Rivian estimates that the net proceeds from the offering will be approximately $1,286.1 million (or approximately $1,484.1 million if the initial purchasers fully exercise their option to purchase additional notes), after deducting the initial purchasers’ discounts and commissions and estimated offering expenses. Rivian intends to allocate an amount equal to the net proceeds from the offering to finance, refinance, or make direct investments in, in whole or in part, one or more new or recently completed (within the 24 months prior to the issue date of the notes), current and/or future eligible green projects, as described in Rivian’s newly established green financing framework. Eligible green projects are projects that meet specified eligibility criteria, in alignment with the guidelines of the Green Bond Principles, 2021, and include expenditures relating to, investments in, financings of and/or acquisitions of one or more of the following: (i) clean transportation, (ii) renewable energy, (iii) circular economy, (iv) energy efficiency and (v) pollution prevention and control. Pending allocation of an amount equal to the net proceeds from the offering to eligible green projects, Rivian may temporarily invest the net proceeds from the offering in cash, cash equivalents, and/or high-quality marketable securities, and will not knowingly invest in operations that result in an overall net increase in greenhouse gas emissions.

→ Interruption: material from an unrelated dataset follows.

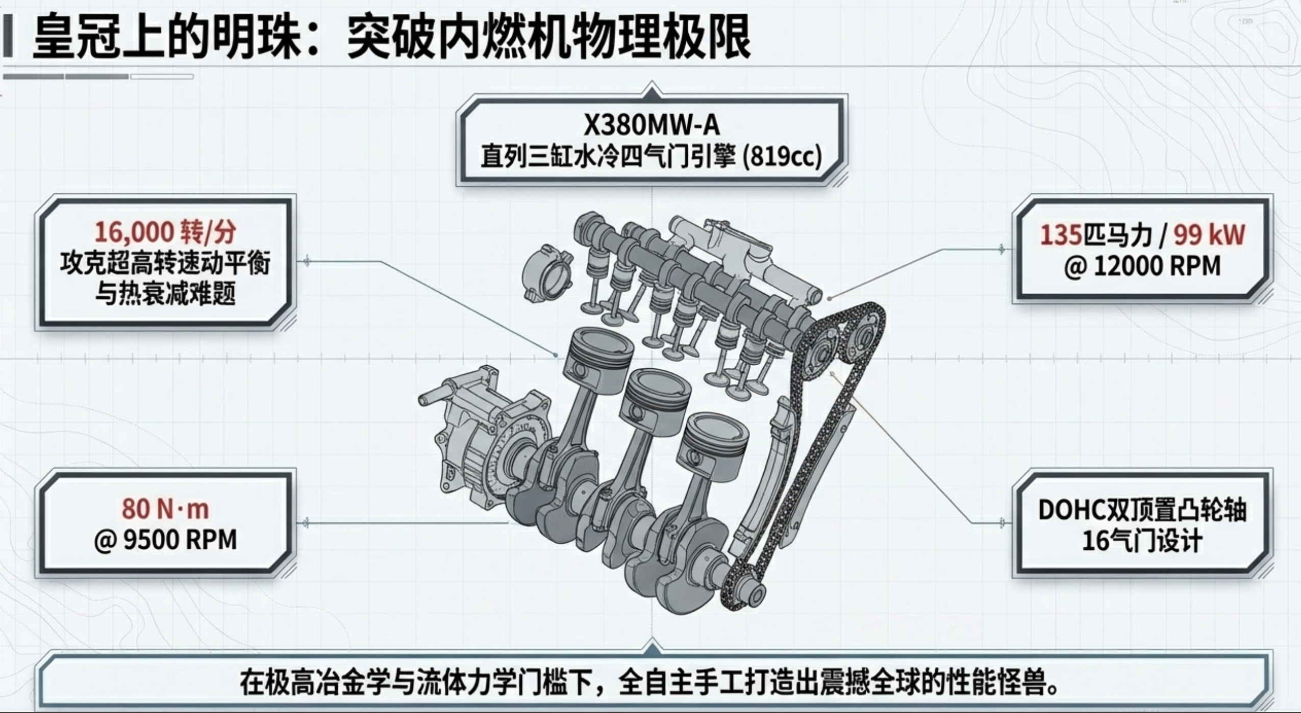 1. 尖端材料与高端成型工艺的低成本化新能源汽车产业的发展催生了极其庞大且先进的工业基础设施。摩托车制造企业借此能够以极其低廉的边际成本,获取到以往只有航空航天或顶级赛车才会使用的钛合金成型、镁合金铸造等高端工艺。例如,张雪机车正是利用这种红利,为其高转速引擎配备了高强度的镁合金活塞与钛合金连杆,从而成功打造出能突破16000转的三缸性能怪兽。
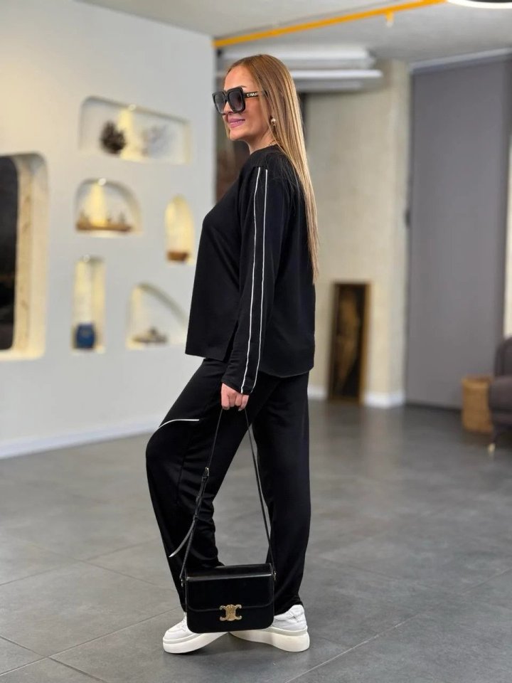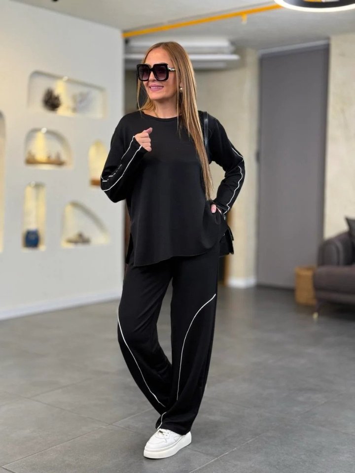 Kadın Uzun Kollu Biye Detay Modal Kumaş Salaş Ikili Takım

The offer and sale of the notes and any shares of common stock issuable upon conversion of the notes have not been, and will not be, registered under the Securities Act or any other securities laws, and the notes and any such shares cannot be offered or sold except pursuant to an exemption from, or in a transaction not subject to, the registration requirements of the Securities Act and any other applicable securities laws. This press release does not constitute an offer to sell, or the solicitation of an offer to buy, the notes or any shares of common stock issuable upon conversion of the notes, nor will there be any sale of the notes or any such shares, in any state or other jurisdiction in which such offer, sale or solicitation would be unlawful.

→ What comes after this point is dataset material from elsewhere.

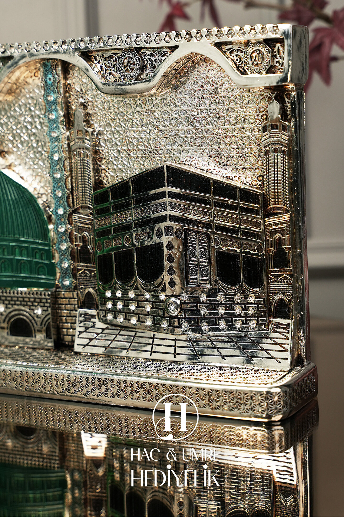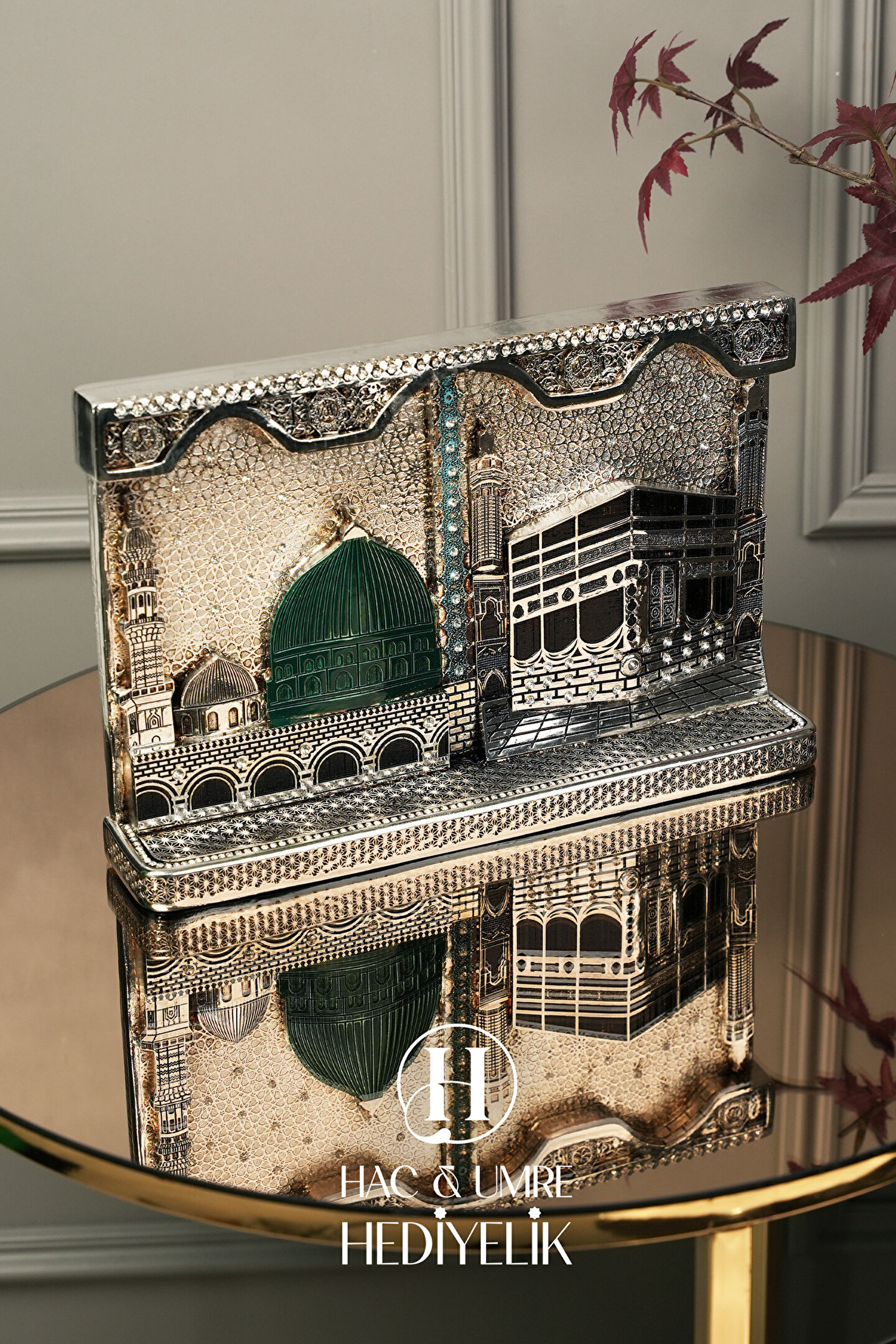 Hac Umre Hediyelik Hac Umre Hediyesi | İslami Dekor | Kabe ve Mescidi Nebevi Gümüş Dekor | İkili Mekke Medine Biblosu

Rivian exists to create products and services that help our planet transition to carbon neutral energy and transportation. Rivian designs, develops, and manufactures category-defining electric vehicles and accessories and sells them directly to customers in the consumer and commercial markets. Rivian complements its vehicles with a full suite of proprietary, value-added services that address the entire lifecycle of the vehicle and deepen its customer relationships.
This press release includes forward-looking statements, including statements regarding the completion of the offering and the expected amount and intended use of the net proceeds. Forward-looking statements represent Rivian’s current expectations regarding future events and are subject to known and unknown risks and uncertainties that could cause actual results to differ materially from those implied by the forward-looking statements. Among those risks and uncertainties are market conditions, the satisfaction of the closing conditions related to the offering and risks relating to Rivian’s business, including those described in periodic reports that Rivian files from time to time with the Securities and Exchange Commission. Rivian may not consummate the offering described in this press release and, if the offering is consummated, cannot provide any assurances regarding its ability to effectively apply the net proceeds as described above. The forward-looking statements included in this press release speak only as of the date of this press release, and Rivian does not undertake to update the statements included in this press release for subsequent developments, except as may be required by law.